[REQUIRED ACTION] The result should be the listing below restated word for word, with images left out.

[MATERIAL PROVIDED]
★ ★ ★ ★ ★

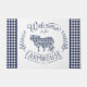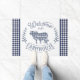Stylish front doormat features centre "Welcome to the Farmhouse" text with farm animal silhouettes and a blue gingham background
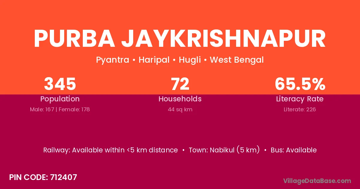 Nabikul (5 km) is the nearest town to Purba Jaykrishnapur village for major economic activities and is located approximately 5 km away.
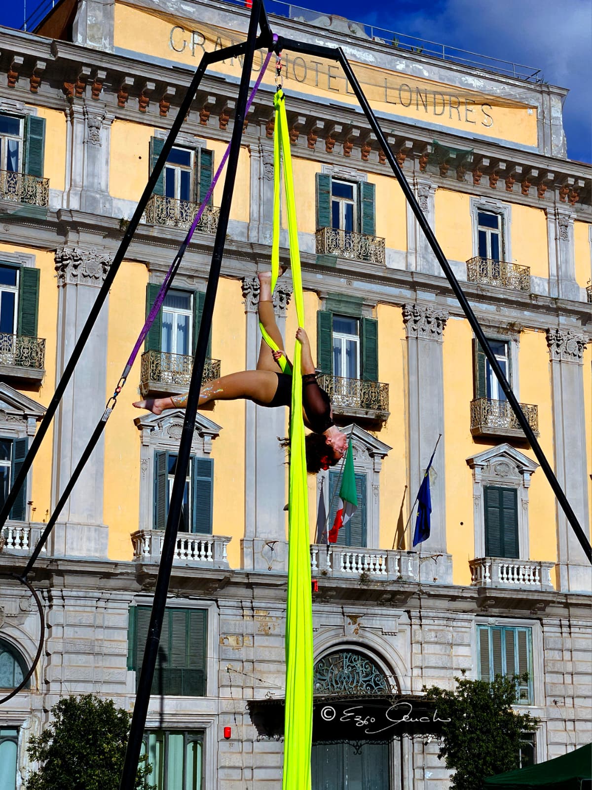 L’area di danza aerea, a cura di Aerea 51, ha riscosso grande successo, con spettacolari esibizioni che hanno avuto come sfondo il Vesuvio, trasformando la piazza in un palcoscenico unico e suggestivo.

★ ★ ★ ★ ★

[SOLVED EXERCISE]
Stylish front doormat features centre "Welcome to the Farmhouse" text with farm animal silhouettes and a blue gingham background
 Nabikul (5 km) is the nearest town to Purba Jaykrishnapur village for major economic activities and is located approximately 5 km away.
 L’area di danza aerea, a cura di Aerea 51, ha riscosso grande successo, con spettacolari esibizioni che hanno avuto come sfondo il Vesuvio, trasformando la piazza in un palcoscenico unico e suggestivo.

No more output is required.